To identify and predict the stem-loop structures, the F8 gene associated with hemophilia A was accordingly scanned. For this purpose, high reliable bioinformatics servers and related databases were utilized. Two stem-loop structures, namely, put-miR1 and put-miR2, with the sequences of “TGCTGCTGCCACTCAGGAAGAGGGTTGGAGTAGGCTAGGAA-TAGGAGCACAAATTAAAGCTCCTGTTCACTTTGACTTCTCC-ATCCCTCTCCTCCTTTCCTTAA”, and “TGTAAAAGGCTCATAAAAGTTGAGGAAGCCATTTGGGCTCtgctactccagcatggtccacagaccaggagtagcagcatcacctgagggcaattcaaaatgca”, respectively, both located in the first intron of the F8 gene, were predicted and presented for experimental verification, with regard to the results.
4.1. SSCprofiler Database
Stem-loop structures in the F8 gene are predicted and identified in this database. Moreover, the SSCprofiler database utilizes a hidden Markov model (HMM) to model secondary structural features in each position of miRNA stem-loops. The structure, sequencing, and conservation of the miRNA coding genes are simultaneously determined by this score in the statistical models; therefore, the higher the score, the greater the chance that the potential candidate structure belongs to the real miRNA (Figure 1A).
4.2. RNAfold Web Server
To make more precise studies on the stability of the secondary structures, the stem-loop structures proposed by the SSCprofiler database were introduced in this server. Concerning the amount of minimum free energy apportioned amongst structures, the stability of the proposed secondary structures was investigated (Figure 1B). The MFE for put-miR1 and put-miR2 was -41.8 and -35.1 kcal.mol-1, respectively.
4.3. The miREval Web Tool
Through this web tool, the accuracy of the stem-loop structures was assessed (Figure 1C).
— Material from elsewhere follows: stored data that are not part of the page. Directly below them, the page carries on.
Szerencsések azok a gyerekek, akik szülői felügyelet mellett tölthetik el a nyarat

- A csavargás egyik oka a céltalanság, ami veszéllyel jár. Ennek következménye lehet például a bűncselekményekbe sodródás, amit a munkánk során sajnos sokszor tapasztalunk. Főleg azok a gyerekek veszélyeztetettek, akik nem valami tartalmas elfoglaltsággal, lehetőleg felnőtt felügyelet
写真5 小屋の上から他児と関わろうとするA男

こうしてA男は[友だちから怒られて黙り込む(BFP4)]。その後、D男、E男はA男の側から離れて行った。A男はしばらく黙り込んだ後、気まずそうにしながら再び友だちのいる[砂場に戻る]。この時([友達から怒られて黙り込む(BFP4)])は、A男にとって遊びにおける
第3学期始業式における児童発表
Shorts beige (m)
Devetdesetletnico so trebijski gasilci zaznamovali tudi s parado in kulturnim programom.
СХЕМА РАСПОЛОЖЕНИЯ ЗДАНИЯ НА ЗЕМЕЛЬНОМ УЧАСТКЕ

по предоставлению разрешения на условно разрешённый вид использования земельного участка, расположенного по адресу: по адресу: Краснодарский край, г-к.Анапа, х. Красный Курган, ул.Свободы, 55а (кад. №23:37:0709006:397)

4.4. FOMmiR and MatureBayes Web Tools
Via FOMmiR and MatureBayes web tools, the predicted results for mature miRNAs in the candidate sequences, as well as the accuracy of the formation of secondary structures, were investigated (Figure 2A and B).
4.5. The miRFIND Database
Drosha and Dicer cleavage sites were identified in the candidate sequences and shown in Table 1.
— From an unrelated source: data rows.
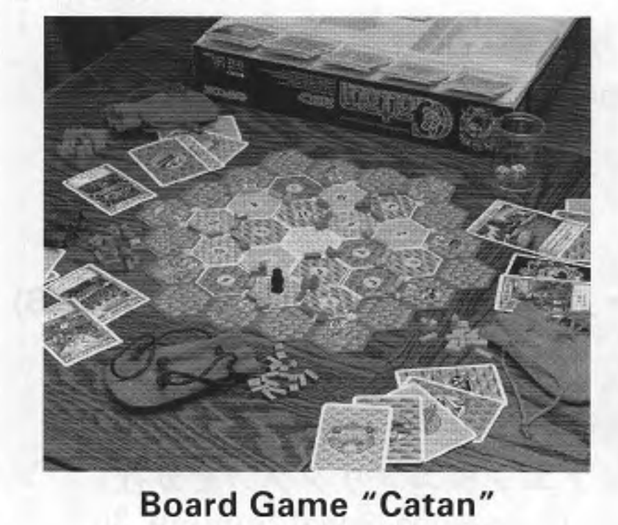
Board Game "Catan"

Adores Inc., Tokyo, announced that it will close down all operations of its large-scale horse racing game "Rongo Rongo" which has been a star game in medal game parlors. Launched nine years ago, the game has steadily become outmoded as the level of other horse racing games has risen. The first "Rongo Rongo" opened in October 1993 in Shibuya, followed by Ginza in April 1995 and Osaka in May 1996. The machine allowed up to 63-126 players to bet tokens on the same horse race and its large size meant that it required an entire building. "Rongo Rongo Shibuya" closed in June 2000, followed by Osaka in February 2002 and Ginza in March 2002. After Sigma was bought out by Aruze in February 2002 and became its subsidiary, Adores was formed as a result of the merger of Aruze's three subsidiaries, Sigma, Technical Management and Kan Design in October 2000.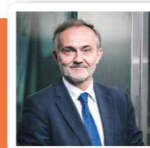
Wojciech Szczurek Prezydent Gdyni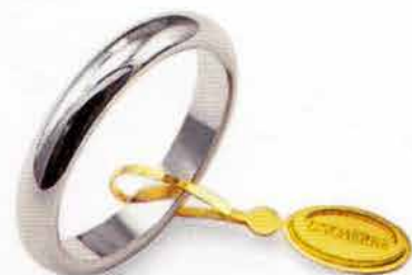
Classica oro bianco Gr. 5,0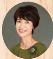
代表 中井 貴恵 さん (俳優・エッセイスト)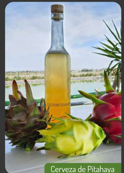
Cerveza de Pitahaya

Grupo Tarpuy espera con entusiasmo compartir más avances y logros en la industrialización de la pitahaya en los próximos meses, reafirmando nuestro compromiso con la innovación y la calidad en cada paso que damos.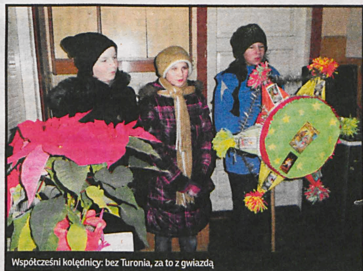
Współcześni kolednicy: bez Turonia, za to z gwiazdą

W dworach szlacheckich przygotowywano dwanaście potraw, czyli tyle ilu było apostołów i miesięcy w roku. Natomiast w chłopskich domach katolickich na Podlasiu liczba potraw musiała być nieparzysta, nie przekraczała zwykłe pięciu lub siedmiu. Potrawy miały być przygotowane z plonów ogrodu, pola, lasu i wody. Z rzadko sporządzanych obecnie pojawiały się wśród nich kutia, kisiel z owsa lub żurawiny, kulebiak, grzyby smażone w cieście. Nie mogło zabraknąć dań z dodatkiem maku, który był symbolem płodności. Potrawy z miodu miały zapewniać ludziom przychylność sił nadprzyrodzonych, z grzybów – ułatwiać nawiązywanie kontaktu ze światem zmarłych. Nie mogło zabraknąć grochu, który – jak wierzono – chronił przed chorobami, a w połączeniu z kapustą był gwarantem urodzaju. Orzechy zaś miały chronić przed bólem zębów.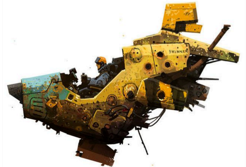
Illustration : Paul H Paulino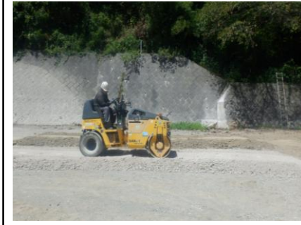
〔試験盛土転圧状況〕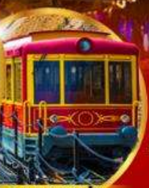
รถรางซาปา

|Mature-miRNA Drosha/Dicer processing site||23/46||82/59||20/42||79/58|
|Mature-miRNA sequence||5-UUGGAGUAGGCUAGGAAUAGGA-3||5-UCCUGUUCACUUUGACUUCUCCAU-3||1 5- AUGGAGAAGUCAAAGUGAACAGG-3||5-UCCUAUUCCUAGCCUACUCCAA-3|
|Predicted seed site||5-UGGAGUA-3||5-CCUGUUC-3||5-UGGAGAA-3||5-CCUAUUC-3|
4.6. The UCSC Genome Browser
The percentage of sequences conservation among 100 vertebral genomes (Figure 2C), as well as the deep sequencing data (Figure 3), was analyzed. Conclusively, the results revealed that put-miR1 and put- miR2 were expressed in IMR90 CIP-TAP, IMR90, SKMC cells, and A549 CIP-TAP, HPC-PL TAP-only, IMR90 cells, respectively.
4.7. The MiRBase Database
This database was utilized to ensure that the candidate sequences were not reported as a mature miRNA in other previously published studies.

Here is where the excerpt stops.